Quote from: mikej;805155
The gap will  be narrower. As I said the routing delays become similar to the logic delay. I'll run some tests next week.

America and Europe are getting closer to each other each year by continental drift... :)

That in itself doesn't mean much. Let us hear about your test results, any progress is good. But right now it doesn't sound like a convincing approach to have a more expensive product which has less processing power than your competition and then trying to solve this by putting in a more expensive component.


Quote
Yup, we have a HD capable graphics card with dedicated blitter, and ~ 060 performance (sans MMU and FPU) already.

That must be a very wide interpretation of "approximately". You have 28 MHz clock, the 060 at least 50 MHz. The 060 does simple instructions in one clock cycle and so do you. But the 060 can do a second simple instruction in the same clock cycle while you can't. The 060 has very good branch prediction and fast branches, you have none. The 060 has 32 bit wide buses, you still need to remove the 16 bit limitation. The 060 has fast caches, you still need to add those.
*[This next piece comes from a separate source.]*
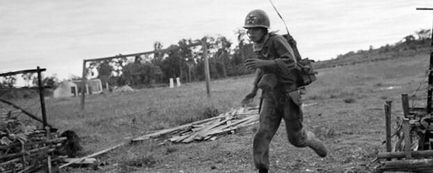 A South Vietnamese soldier runs to cover while under fire at Dong Xiao. The ARVN forces would suffer horrendous casualties during the 14-hour battle, leading Gen. William Westmoreland to call in the 173rd Airborne to to country to face the enemy. (AP Photo/Horst Faas)
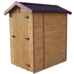 Le plancher en panneaux de particules traités de 12 mm est fourni. La porte, de 80 x 174 cm (l,h), est équipée d’un loquet pour cadenas.

I estimate that you are currently in the 030 range of performance. If you manage to do the caches, the wider buses and improve the clock rate, you'll be entering 040ish performance. Still a long way to go as the apollo core is twice as fast as an 060 right now and still improving. Let's hear your adoom fps, Riva playback, mp3 decoding and how they are improving while you are making the core faster. For us the adoom fps is a standard test because it is more interesting than just some sysinfo MIPS.

BTW, does the fact that you didn't say anything about the offer to try to maintain compatibility between the apollo core and the fpgaarcade's implementation of AGA and 68k that you are going to consider it?